Wendell Eugene (October 12, 1923 – November 7, 2017) was an American jazz musician from New Orleans, Louisiana. He was a popular trombonist on the New Orleans jazz scene and recorded with artists such as Lionel Ferbos, Harold Dejan, and Kermit Ruffins. He was for a time the oldest active jazz musician in New Orleans.

Early life

Eugene was born to Homer and Apha Eugene on October 12, 1923, and is the youngest of five brothers. He grew up in a family of musicians including his brother Homer Eugene, his cousin Clement Tervalon, and uncle Albert Burbank. His curiosity about music began at the age of 10 when his parents bought him a graphanola.  He said he would wind it up and play The Peanut Vendor and Ramona. He received his first trombone at the age of 13 from his brother Homer after mentioning that he wanted to start playing an instrument. As a kid he learned from other New Orleans musicians, but also listened and learned from Big Band Music as well as trombonist J. J. Johnson. While still in high school, he joined the musician's union at 15 and began playing with a variety of New Orleans Jazz Legends. As a teenager, Eugene performed with Avery "Kid" Howard as well as performers and band leaders such as Papa Celestin, George Lewis, Papa French, Paul Barbarin, Louis Cottrell Jr., Willie Humphrey, Don Albert, and Kid Thomas Valentine.

Military career

Eugene joined the United States Navy during World War II and was recruited to play with the U.S. Navy Marching and Concert Band while stationed at Port Chicago, California. He played with the band throughout his four-year enlistment and also played with Louis Armstrong during a 1943 USO event. At the time, Armstrong was short a trombonist and asked Eugene to fill in. Eugene was quoted in The Times-Picayune as saying, "I got up there and did the best I could. I'll never forget it."

Music career

Eugene returned to New Orleans after his military career. He began playing with famous bands from New York City and Chicago and also toured with Lucky Millender and Buddy Johnson. Instead of leaving his family to tour, Eugene stayed close to home, working at the United States Post Office. During that time he continued playing with local band leaders such as Papa Celestin and Papa French. Eugene traveled and toured when he could, sometimes joining the Olympia Brass Band, the Tuxedo Brass Band, and the Onward Brass Band. Although limited in travel due to work obligations, Eugene was still able to sit with several renowned musical groups such as Lionel Hampton and The Temptations. He retired from the Post Office in 1979 and began to pursue his music career full-time.
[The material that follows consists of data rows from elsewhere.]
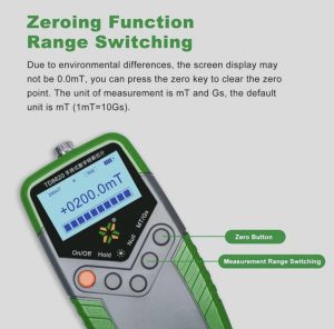 Rentang pengukuran : 0-2400mT (1mT=10Gs) 24000Gs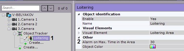 - In the Detection Tools list, highlight a Loitering object (1).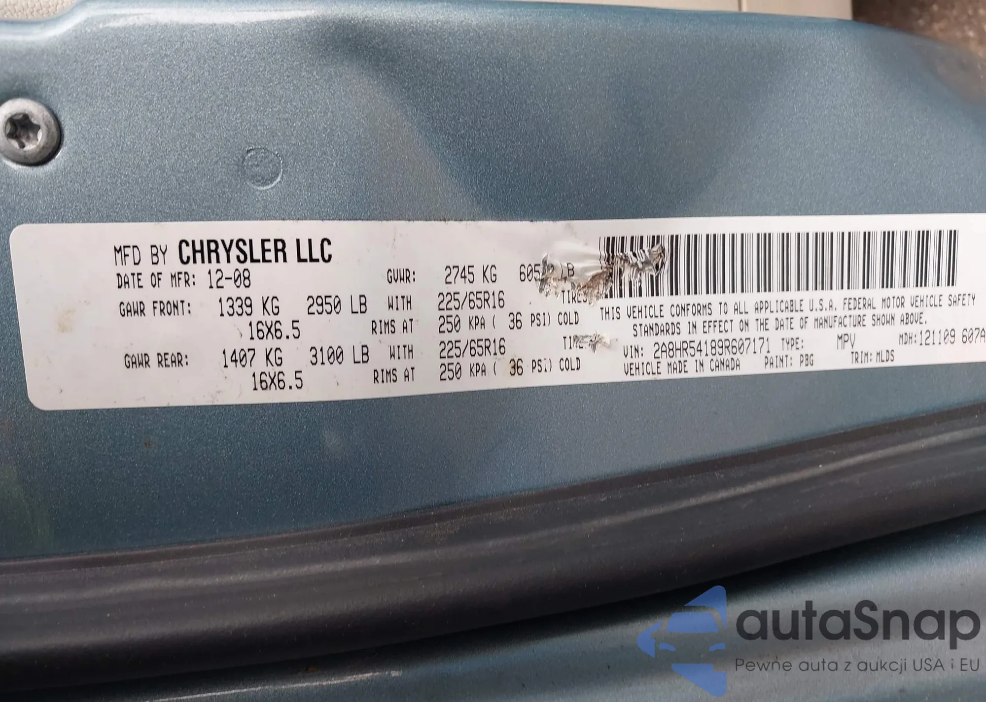 • VIN 2A8HR54189R607171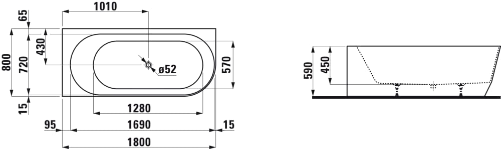 Laufen Pro 180x80 cm kád, balos sarok változat Marbond anyag, lábbal együtt H2449560000001 | SzaniterPlaza.hu - Szaniter webáruház, fürdőszoba felszerelés, csaptelepek, mosdók, zuhanyok, akciós árak.

Eugene is also a writer and composer. In 1978, he wrote, produced, and recorded the album West Indies Blues which was initially released by 504 Records and re-released by the Louisiana Music Factory in 2005. Eugene has played and taught music for more than 72 years, including teaching trombone and dance orchestra instruments at the Grunewald School of Music. Some of his most notable performances include playing at Super Bowl IV in New Orleans in 1970 with the Onward Brass Band. He also played at the first New Orleans Jazz & Heritage Festival in 1970. In 2012 he played with the Preservation Hall Jazz Band for their 50th anniversary performance at the New Orleans Jazz & Heritage Festival, He also played at 2012 New Orleans Jazz Festival with then 100-year-old Lionel Ferbos.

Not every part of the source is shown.